Rasulullah صلى الله عليه وسلم memerintahkan kita untuk mengikuti mereka sebagaimana tersebut di dalam sebuah hadits:

أصحابي كالنجوم بأيهم اقتديتم اهتديتم

“Para sahabatku laksana bintang-bintang. Siapapun yang kalian ikuti di antara mereka, niscaya kalian akan mendapatkan petunjuk.”

Hadits ini menunjukkan bahwa sunnah Khulafaur Rasyidin manapun yang kita ikuti, maka berarti kita telah mendapatkan petunjuk dan kebenaran. Termasuk ke dalam hal ini adalah mengikuti ijtihad Utsman tentang dua azan Jum’at.

Jawabannya:

Hadits di atas adalah hadits palsu karena di dalam sanadnya terdapat seorang perawi pendusta dan gemar memalsukan hadits yang bernama Sallam bin Sulaim. Di sanadnya juga terdapat seorang perawi yang tak dikenal (majhul) yang bernama Al Harits Ghushain.

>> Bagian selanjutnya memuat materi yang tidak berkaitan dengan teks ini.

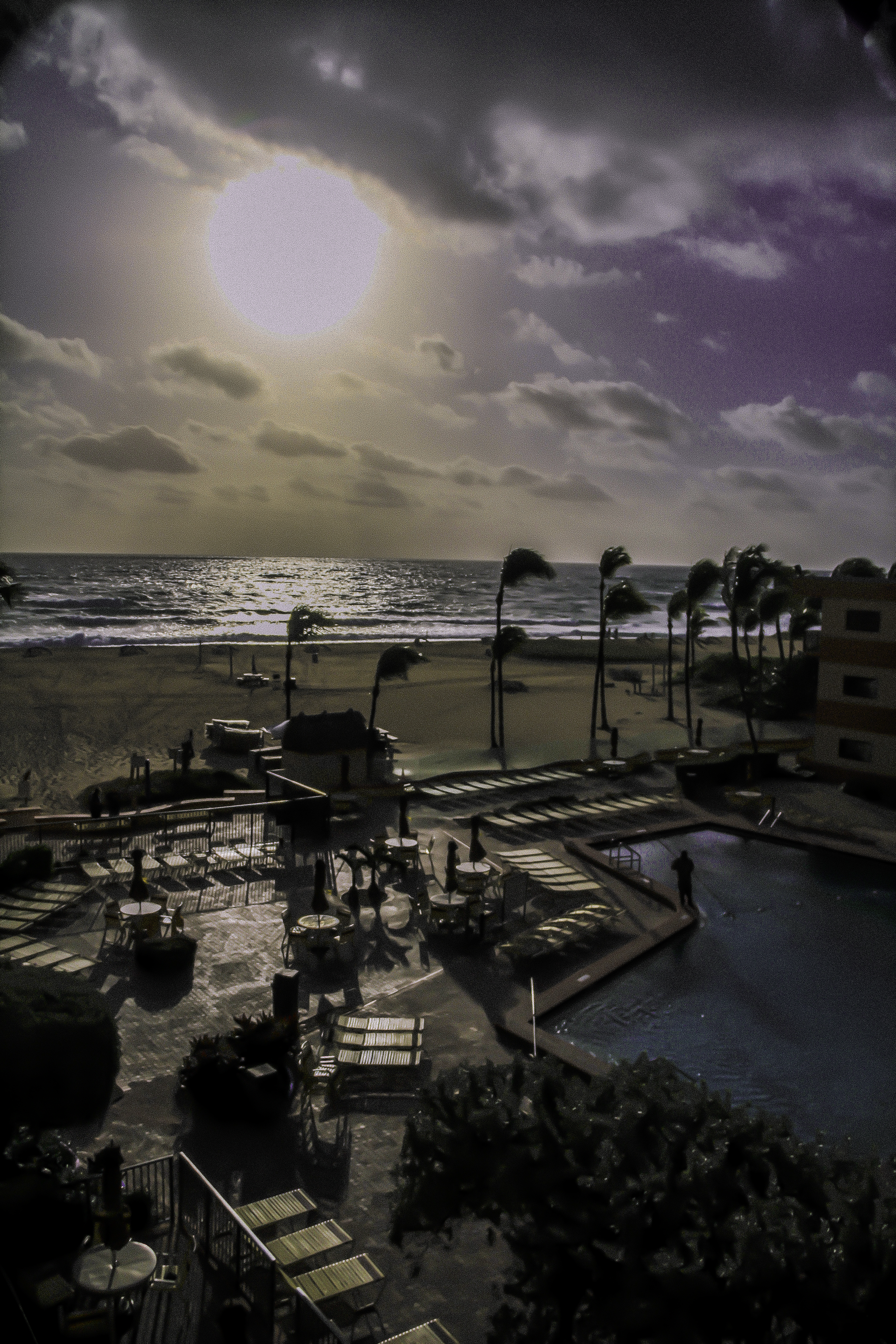 Here is a dawn shot of the maintenance man out cleaning and caring for the pool before any guests get up and out into the pool. His job is relentless and every night the elements conspire against him and toss sand, sand and more sand into his pool. Bravo Pool Man! You make vacations!

Silakan melihat takhrij hadits ini secara lebih terperinci di kitab Silsilah Adh Dha’ifah karya Al Albani rahimahullah.

Selain mungkar sanadnya, matan hadits ini pun bertentangan dengan ayat-ayat dan hadits-hadits yang memerintahkan kita untuk bersatu dan melarang kita dari perselisihan. Selain itu, tidaklah mungkin Rasulullah صلى الله عليه وسلم memerintahkan kita untuk mengikuti seluruh perkataan semua sahabat beliau , karena mereka itu tidaklah terbebas dari dosa (ma’shum). Di antara mereka sendiri terkadang terjadi perbedaan fatwa dan ijtihad, ada yang benar dan ada pula yang keliru.

Syubhat ketiga:

Mereka berdalil dengan hadits yang diriwayatkan oleh Imam Muslim di dalam kitab Shahihnya (1017) bahwasanya Rasulullah صلى الله عليه وسلم bersabda:

من سن في الإسلام سنة حسنة فله أجرها وأجر من عمل بها بعده

“Barangsiapa yang menghidupkan di dalam Islam sebuah sunnah yang baik, maka dia mendapatkan pahalanya dan pahala orang yang mengamalkannya setelahnya.”

Mereka mengatakan bahwa azan Jum’at dua kali merupakan sunnah hasanah yang dihidupkan oleh Utsman binAffan radhiallahu ‘anhu.

Jawabannya:

Bantahan terhadap syubhat ini bisa dari beberapa sisi:

Pertama: yang dimaksud dengan sunnah itu adalah yang berasal dari Nabi صلى الله عليه وسلم , baik itu berupa perkataan, perbuatan, pengakuan, tulisan, isyarat, keinginan, dan sesuatu yang tidak beliau kerjakan. Jadi, apa yang datang dari selain Nabi صلى الله عليه وسلم bukanlah sunnah yang sebenarnya.

Kedua: hadits ini maknanya adalah barangsiapa yang menghidupkan syariat dari Al Qur`an dan sunnah Nabi صلى الله عليه وسلم yang telah ditinggalkan oleh kebanyakan manusia, maka dia akan mendapatkan pahalanya dan pahala dari orang lain yang mengikuti sunnah Rasul yang telah hampir atau telah ditinggalkan oleh kaum muslimin. Kasus Utsman ini bukanlah menghidupkan suatu sunnah Rasul yang hampir punah karena syariat satu kali azan pada hari Jum’at sama sekali tidak ditinggalkan oleh kaum muslimin pada saat itu.

والحمد لله رب العالمين

Disadur dengan perubahan seperlunya dari kitab Ahkamul Jum’ah wa Bida’uha karya Syekh Yahya bin Ali Al Hajuri hafizhahullah.